2. Architecture of a Data Product

3. Data Products in a Data Mesh ecosystem

4. Types of Data Products
4.1 Classification by data alignment
4.2 Classification by consuming purpose

5. Designing a Data Product
5.1 Data acquisition
5.2 Data storage
5.3 Data processing
5.4 Data delivery

6. Identifying a Data Product

7. Serving Data as a Product
7.1 Product thinking in practice
7.2 Data as a product

8. Data product domain model

9. Conclusion

10. Terminology

References and links

1. What is a Data Product

When we think of data in an analytical context, we imagine a set of tables in a repository, which has gone through a cleaning process guaranteeing quality and value to its consumers.

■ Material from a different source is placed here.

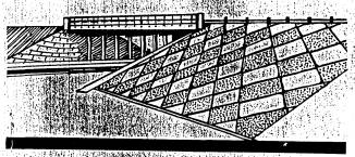 Укрепляемая поверхность откоса делится на карты 3,0´1,8 м асфальтовыми планками размерами 3´6´50 см (антисептированными досками)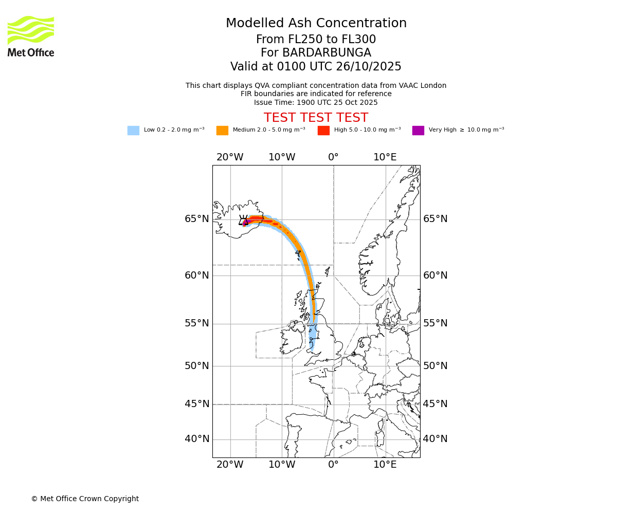 Modelled ash concentration from 250 to 300 for BARDARBUNGA. Valid at 2200 UTC 25/10/2025

On the other hand, if we think of a product, we understand a product as a set of characteristics and attributes that a buyer accepts to satisfy some needs.

But how can we treat data as a product?
If we try to think of data as a product, we can establish a series of assumptions:

The type of product will be intangible.
Your buyer will be a consumer.
You always have to add value or respond to a need.
It will have some attributes that define and limit it.
The distribution channel will be direct and online.

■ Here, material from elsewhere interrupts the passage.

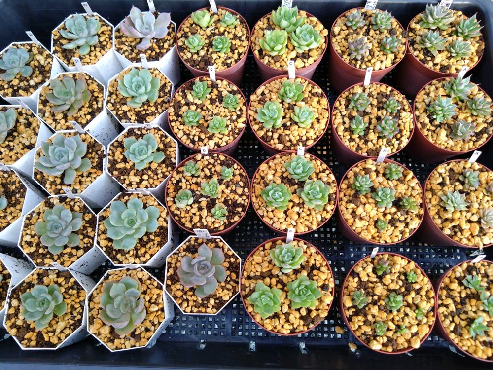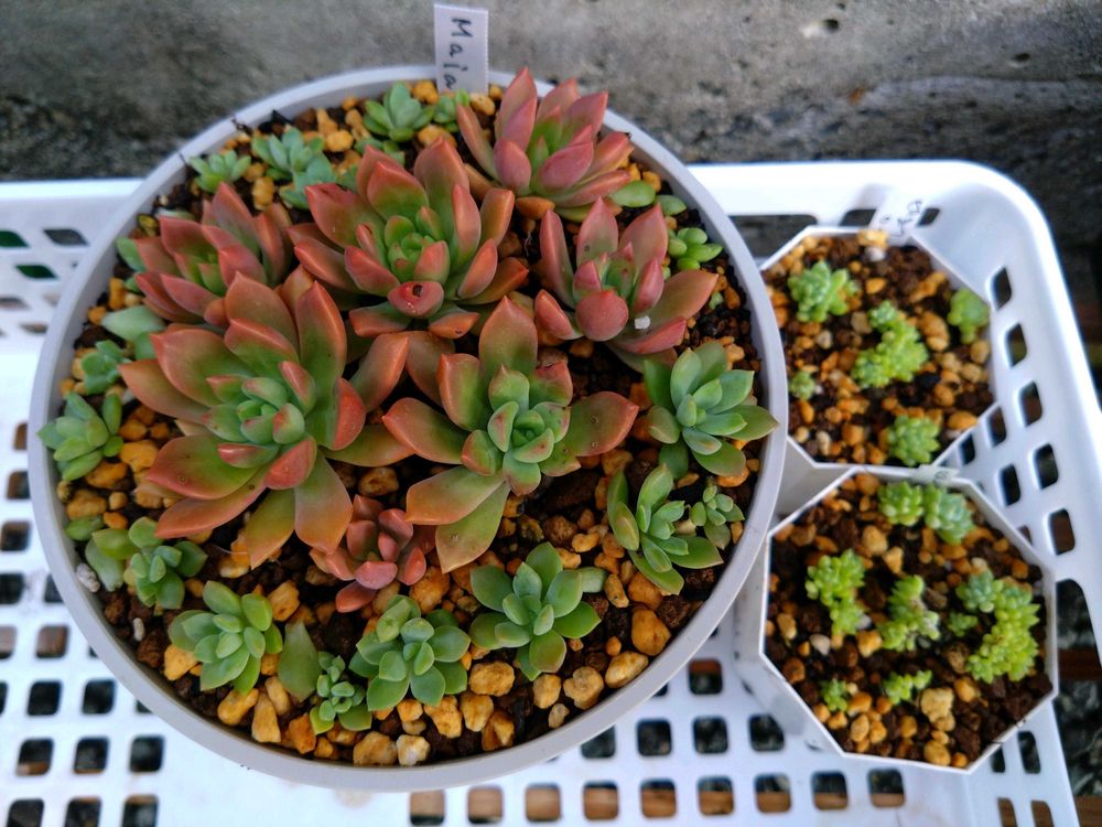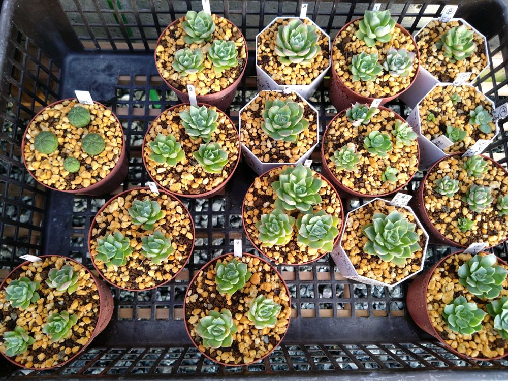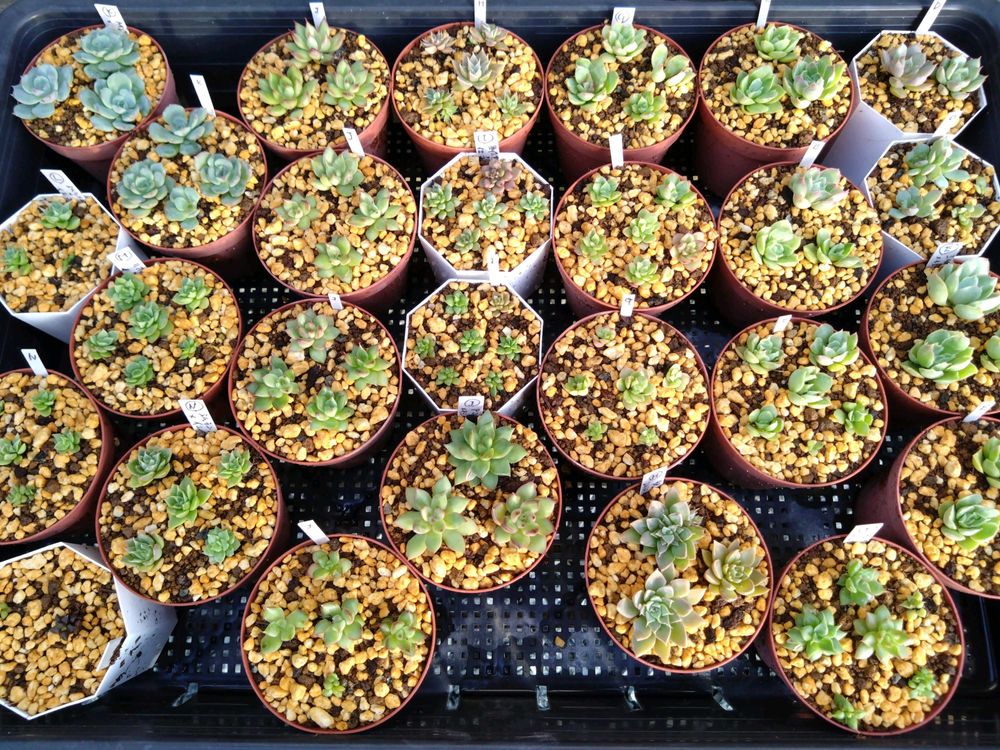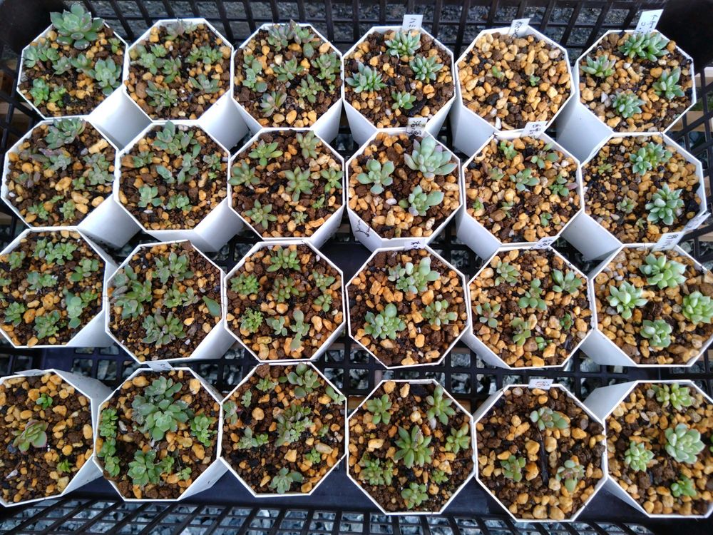 めちゃくちゃ暑くて全然成長してなかった葉挿しっ子達と24年のオリジナル交配実生苗達😂

If we review these five assumptions and look for a simile in the market, we find business models based on eCommerce through a managed marketplace such as (Amazon, eBay, Etsy, etc.). To apply this simile in a data context, we must abandon the conception of data as a set of tables and start thinking of data as a product under a name, with defined attributes, exposed through a platform and that a consumer accepts with quality and value.

A data product is a collection of datasets, metadata, code, and policies concerning a certain topic and serving a certain purpose in a self-serve manner. Even though, it can support multiple purposes or be used as a building block for multiple other data products.

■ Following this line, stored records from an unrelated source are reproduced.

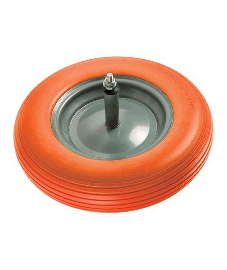 RUOTA PU ANTIFORO X CARRIOLA HAND • MM 370X80 DISCO METALLO MOZZO MM 260 + ASSE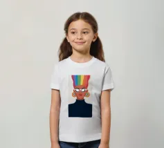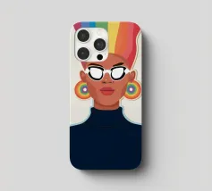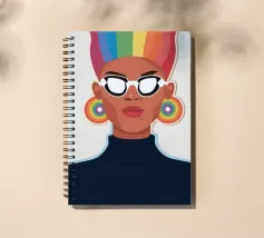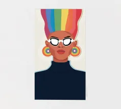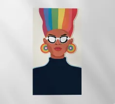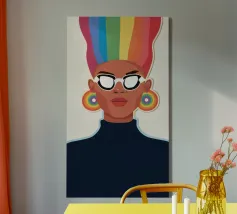 Un ritratto bello e potente di una donna con capelli color arcobaleno che si irradiano dalla testa. L'immagine è una celebrazione vibrante e gioiosa della creatività, della diversità e dell'identità espressiva.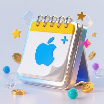 画面中心是一本超大的正方形日历,日历颜色蓝黄色;造型美观大气,符合欧美苹果公司设计风格;纸张是白色;主物体钛金属材质;金属质感风格,透明背景;光感强烈;c4d立体风格;欧美、游戏风格;日历上写着“✓”,画面四周搭配小球、星星、金币等元素。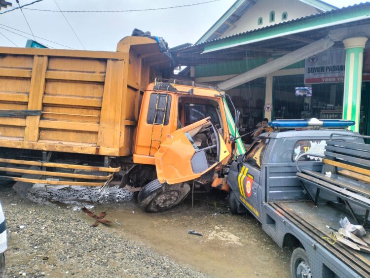 PASAMAN BARAT, HARIANHALUAN.ID- Diduga hilang kendali, fuso tronton dump truck tabrak mobil Patroli Polsek Gunung Tuleh di Jalan Lintas Jorong Kampung Alang Nagari Muaro Kiawai, Kecamatan Gunung Tuleh, Kabupaten Pasaman Barat Pasbar Senin, (9/9/2024).

2. Architecture of a Data Product

Data as a product introduces a new unit of logical architecture called, data product quantum, controlling and encapsulating all the structural components — data, metadata, code, policy and infrastructure dependencies — needed to share data as a product autonomously. (Dehghani, 2022)

A Data product is the smallest unit of architecture that can be independently deployed with high functional cohesion, and includes all the structural elements required for its function.

From an architectural point of view, we can divide a data product in five components: the product, the input ports, the control ports, the discovery ports, and the output ports.

The product: is the core building block conformed by a collection of datasets, metadata, code, and policies concerning a certain topic and supported by the platform. It is the product with a value and quality itself.

The input ports: the receiving mechanism for data that will constitute the data product. The input ports define the format and protocol in which data can be read. We distinguish here between operational source systems and other data products, which might be either internal or coming from other domains.

The control ports: Monitoring, logs, metrics to manage and observe the data product and the public and self-description (ownership, organizational unit, license, version, expiration date, etc.) of the Data Product reachable through the marketplace.

The output ports: define the format and consumption protocol in which data can be exposed. For example, the output port can be a database table, file, API, or reports. It can be accessed to a final consumer or by multiple other data products.

Data Product Architecture

3. Data Products in a Data Mesh ecosystem

The data product (1) is the most important independent unit of the Data Mesh paradigm. To get a better understanding of what it means, we must comprehend the elements interacting within the Data Mesh ecosystem. Recall that a data product belongs within a domain (2) where we can find other data products (7). Besides, a data product is managed by a Data Product Owner (3) and maintained and developed by a data product developer team (4). It is common to find a team of developers across multiple domains and data products, but there should always be a single data product owner per domain.

Regarding its relationship with consumers (7), the data product is related to them through a marketplace (5) where they are published to be discovered. Once a consumer has located the data product that interests him, he can request access to the output ports (6) available in the data product.

Data Product Ecosystem

4. Types of Data Products

There isn't just one type of data product, as each data product may have different requirements and capabilities. We can classify them based on how aligned they are to consumption or origins and by the purpose they serve.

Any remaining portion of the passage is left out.